Tata Group faces multiple challenges. Air India’s image has been tarnished by poor on-time performance and dismal, bureaucratic customer service. Before it was sold, the government said the airline was losing $2.6 million a day.
A question mark is how committed Tata Group is to what promises to be a long-term battle, Aboulafia says. Buying Air India was the reclamation of an heirloom for the Tata family, which founded the airline in 1932 and built it into India’s largest carrier before it was nationalized in 1953. But aviation is far from the present-day conglomerate’s core business. That would be IT outsourcing – Tata Consultancy Services is India’s largest tech company – followed by clothing, steel and automobile manufacturing.
India’s economic growth has seduced investors into funding a parade of new airlines since the government began privatizing air travel in the 1990s. The number of air passengers in India rose 2.5 times from 2010 to 167 million in 2019 before the pandemic cratered travel, according to figures from ICAO. But apart from IndiGo, Indian airlines have been almost uniformly unprofitable, with high-profile failures like Kingfisher and Jet Airways. They’ve been hindered by high fuel taxes, overregulation, inefficient airports and service providers and tough competition. Air India has also been part of the problem. Unprofitable since 2007, when it was merged with Indian Airlines, it was able to keep fares artificially low thanks to government support.
Now Air India is in the private sector and the government plans to build 80 new airports over the next five years, bringing the total to 220, while forecasters continue to predict big growth in air travel. Boeing projects that passenger traffic in India will increase 7% annually through 2041, leading to the sale of 2,210 new planes over that period.
India is widely seen as underserved. Indian airlines have 646 planes, compared to 3,922 in China, according to Jefferies analysts.

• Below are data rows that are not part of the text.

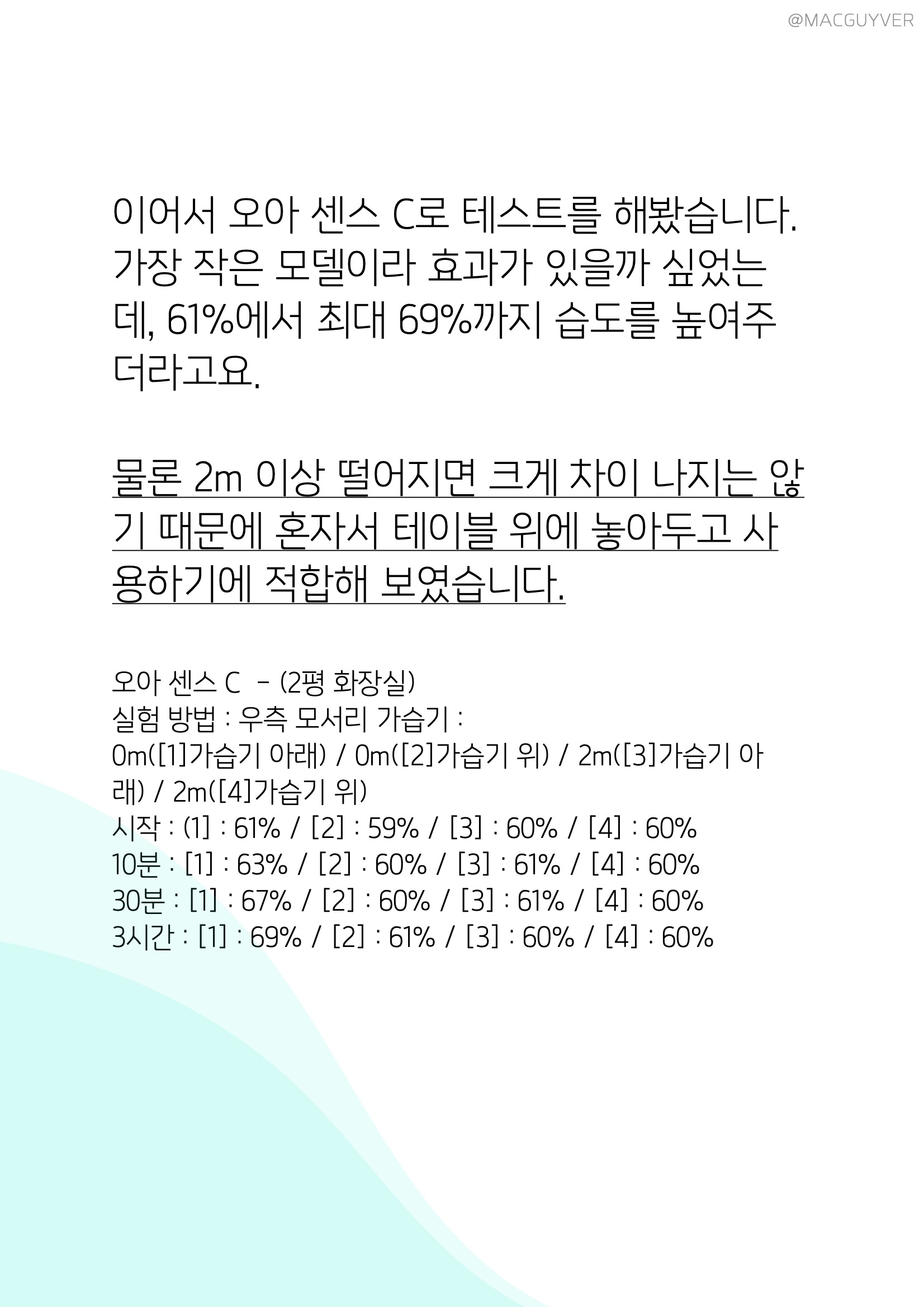 실제로 습도 테스트기로오아 미니 가습기 가습량 실험도 해봤습니다. 오아 센스 C2 가습기 모델로 해보니까 30분 만에 제법 습도가 올라갔고, 3시간이 지나니까 습도가 더 많이 올라가는 모습을 볼 수 있더라고요. 오아 센스 C2 - 듀얼 모드 (5평방) 실험 방법 : 우측 모서리 가습기 : 0m / 2m / 4m / 대각선 5m 시작 : (0m : 57%) / (2m : 57%) / (4m : 57%) / (5m : 57%) 10분 : (0m : 58%) / (2m : 57%) / (4m : 57%) / (5m : 57%) 30분 : (0m : 60%) / (2m : 59%) / (4m : 58%) / (5m : 58%) 3시간 : (0m : 62%) / (2m : 60%) / (4m : 59%) / (5m : 59%) 오아 센스 C2 - 싱글 모드 (5평방) 실험 방법 : 우측 모서리 가습기 : 0m / 2m / 4m / 대각선 5m 시작 : (0m : 58%) / (2m : 58%) / (4m : 58%) / (5m : 57%) 10분 : (0m : 59%) / (2m : 58%) / (4m : 57%) / (5m : 57%) 30분 : (0m : 59%) / (2m : 59%) / (4m : 58%) / (5m : 58%) 이어서 오아 센스 C로 테스트를 해봤습니다. 가장 작은 모델이라 효과가 있을까 싶었는데, 61%에서 최대 69%까지 습도를 높여주더라고요. 물론 2m 이상 떨어지면 크게 차이 나지는 않기 때문에 혼자서 테이블 위에 놓아두고 사용하기에 적합해 보였습니다. 오아 센스 C - (2평 화장실) 실험 방법 : 우측 모서리 가습기 : 0m([1]가습기 아래) / 0m([2]가습기 위) / 2m([3]가습기 아래) / 2m([4]가습기 위) 시작 : (1] : 61% / [2] : 59% / [3] : 60% / [4] : 60% 10분 : [1] : 63% / [2] : 60% / [3] : 61% / [4] : 60% 30분 : [1] : 67% / [2] : 60% / [3] : 61% / [4] : 60% 3시간 : [1] : 69% / [2] : 61% / [3] : 60% / [4] : 60%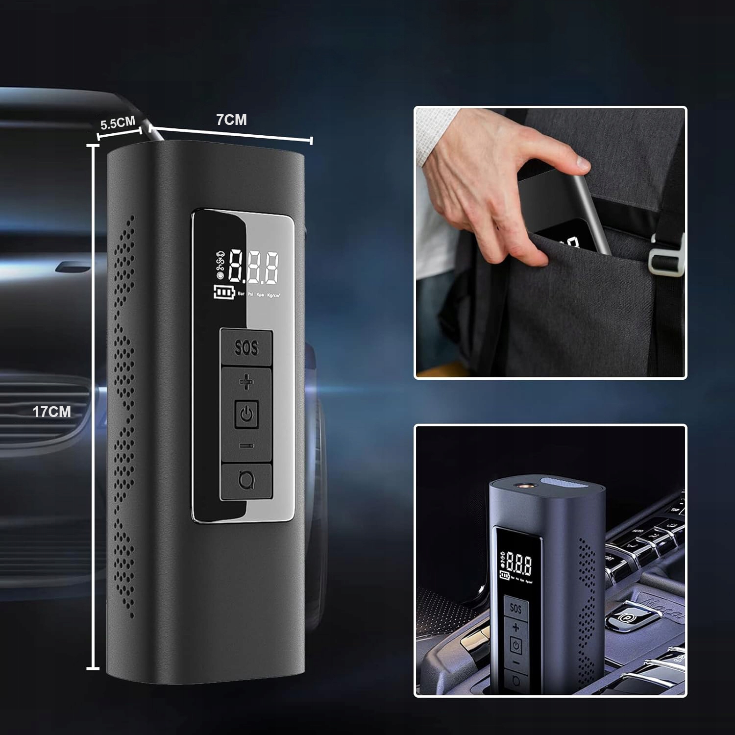 - Порівняно з іншими портативними повітряними насосами, які живляться лише від батареї та можуть використовуватися лише після повного заряду, ми вирішив цю проблему. Ви можете вимкнути бездротовий повітряний компресор і підключити його до прикурювача автомобіля, щоб безпосередньо накачати шини автомобіля (переконайтеся, що двигун автомобіля увімкнено). Це справжній аварійний компресор шин.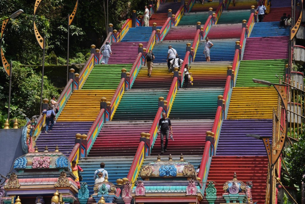According to wikipedia, there are 272 steps to the top. I’m not sure whether or not this includes the steps that ultimately lead down into a cave area and then back up to another temple. The steps weren’t multicolored until 2018. I would argue that it’s a fun improvement over basic concrete grey, but evidently it is somewhat controversial because people struggle with change.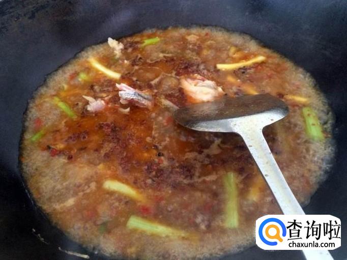 先将鱼骨放入汤里熬煮几分钟后,加入鱼肉煮熟,起锅前加适量盐和味精。
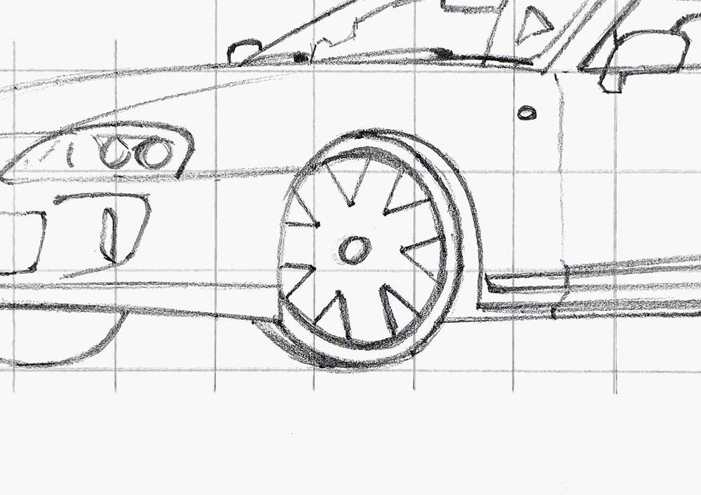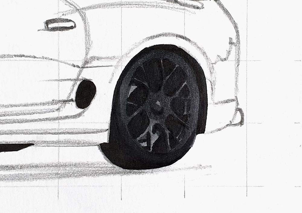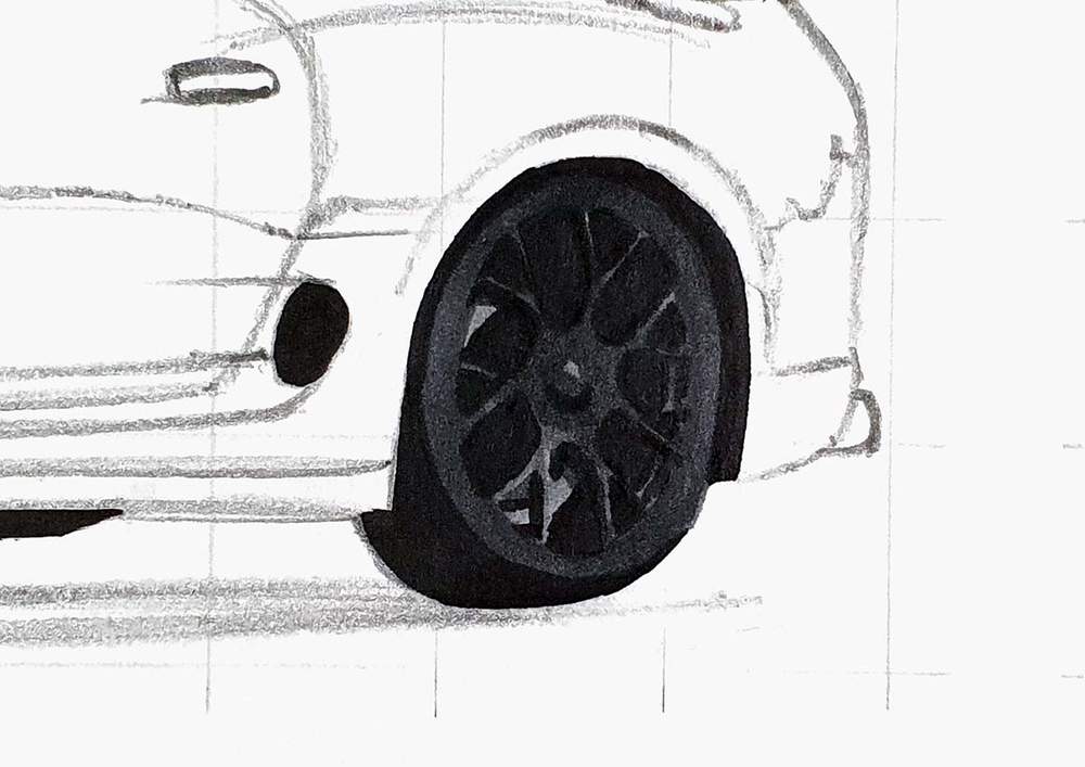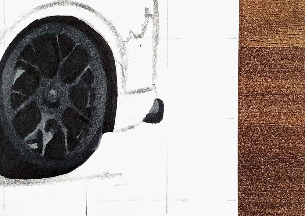 After that, I repeated these steps for the rear wheel and sketched the visible parts of the wheels on the other side of the car, along with the shadow underneath the vehicle.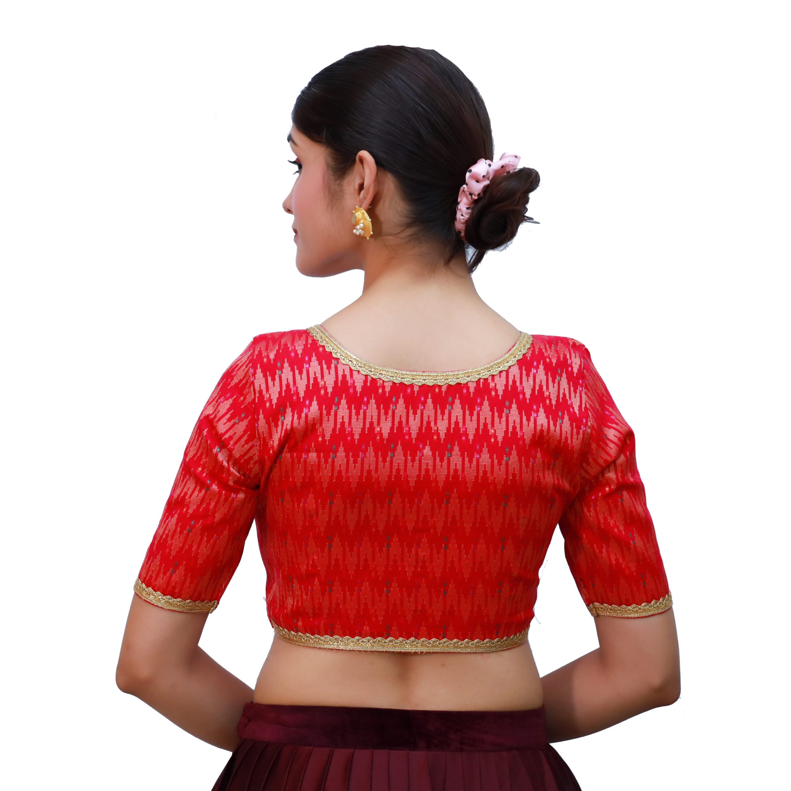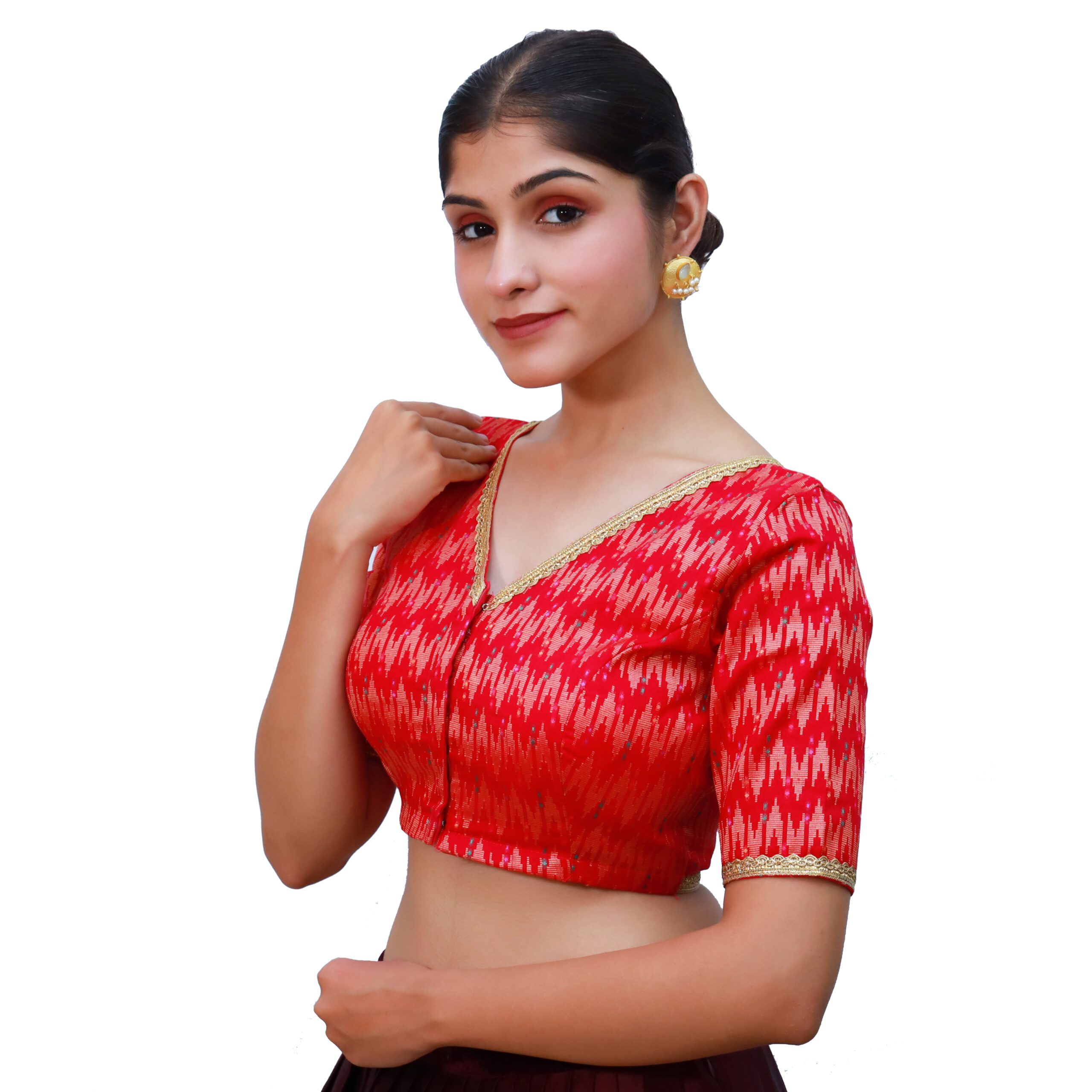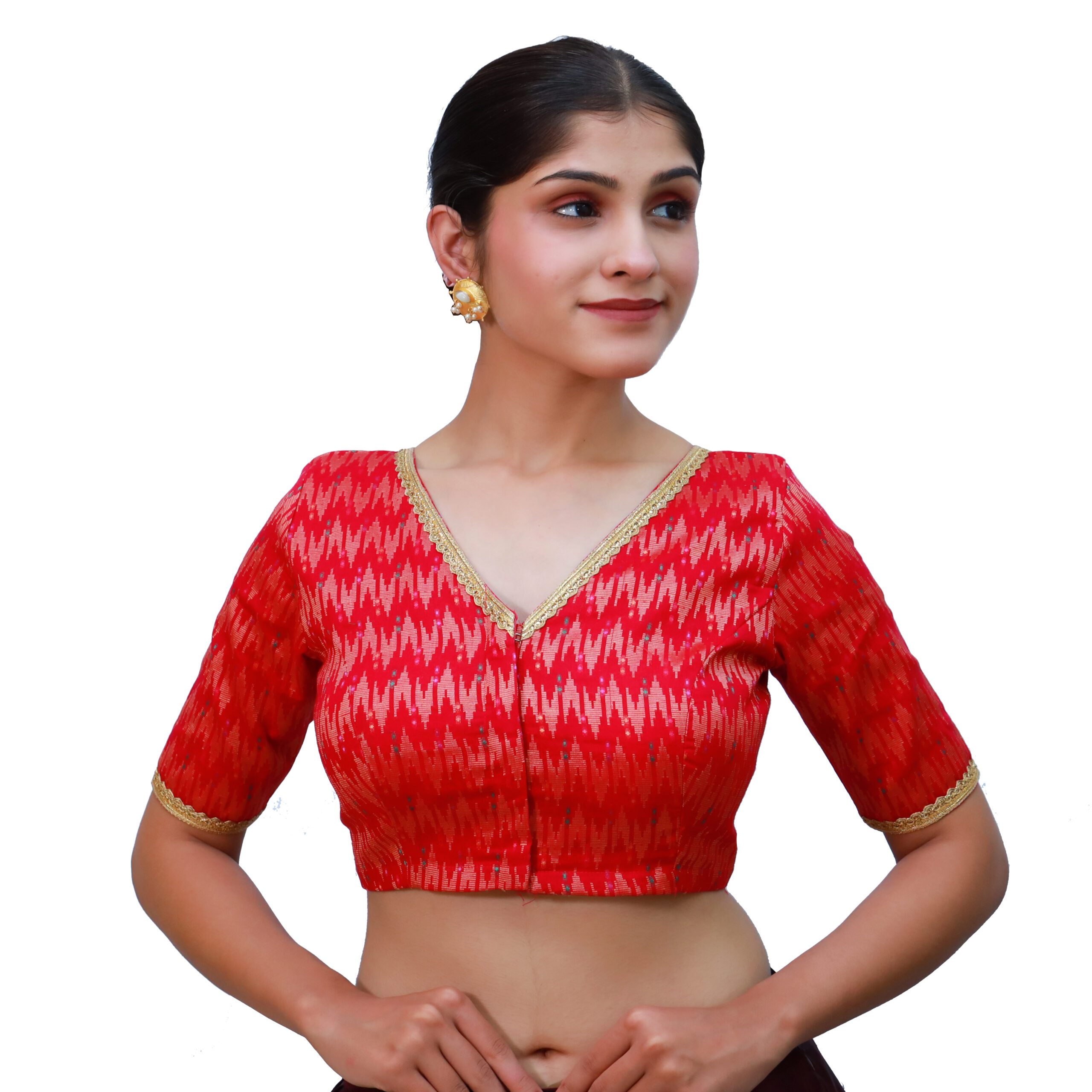 Add elegance to your saree ensemble with this Red V-neck cotton blouse with Short sleeves. ThisĀ padded saree blouse is crafted from a cotton weaving texture. FeaturingĀ short sleeves, lace embellishments, and a front hook-and-eye closure, it’s ideal for weddings, festive occasions, and party wear.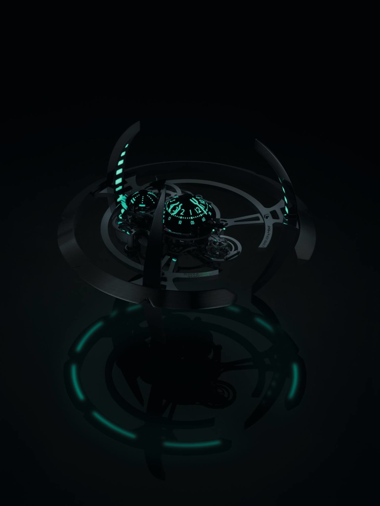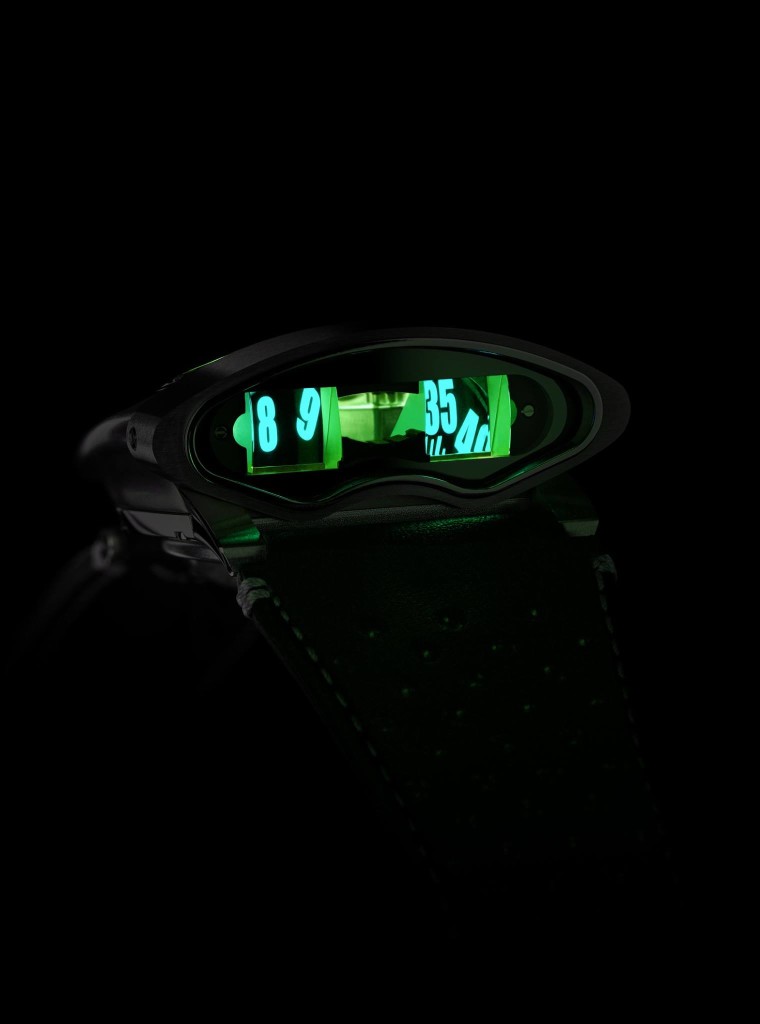 HMX displays bi-directional jumping hours and trailing minutes. Light streaming through the transparent Engine cover both illuminates the top of HMX’s Engine by day, and by night the brightly glowing lume provides its own colourful backlight to the time display.

“It’s always about the future, right?” Brendan Sobie, a Singapore-based airline consultant, tells Forbes. “But a lot of the fundamental issues preventing the profitability of the Indian carriers have never really been resolved.”
Tata is making an expensive play to reclaim a bigger share of the international market by planning to buy 60 widebody planes — 20 Boeing 787s and 10 777Xs, plus 40 Airbus A350s. That’s good news for the plane makers. They reap a higher profit margin on the bigger planes but have seen little demand for them since the pandemic as orders have revived significantly for narrowbodies.
But Air India will be going toe-to-toe with formidable opponents in Emirates and Qatar, which have prospered in part by transporting Indians to the Gulf and onward through their hubs to Europe and the United States.
It may not be a zero-sum game. If the Indian market grows as expected, “there is room for many players,” Sobie says.
But that’s far from a given. “Certainly the Modi government has had a pro-growth agenda,” Aboulafia says. “But India has proven to be the land of disappointments from an aviation and aerospace perspective.”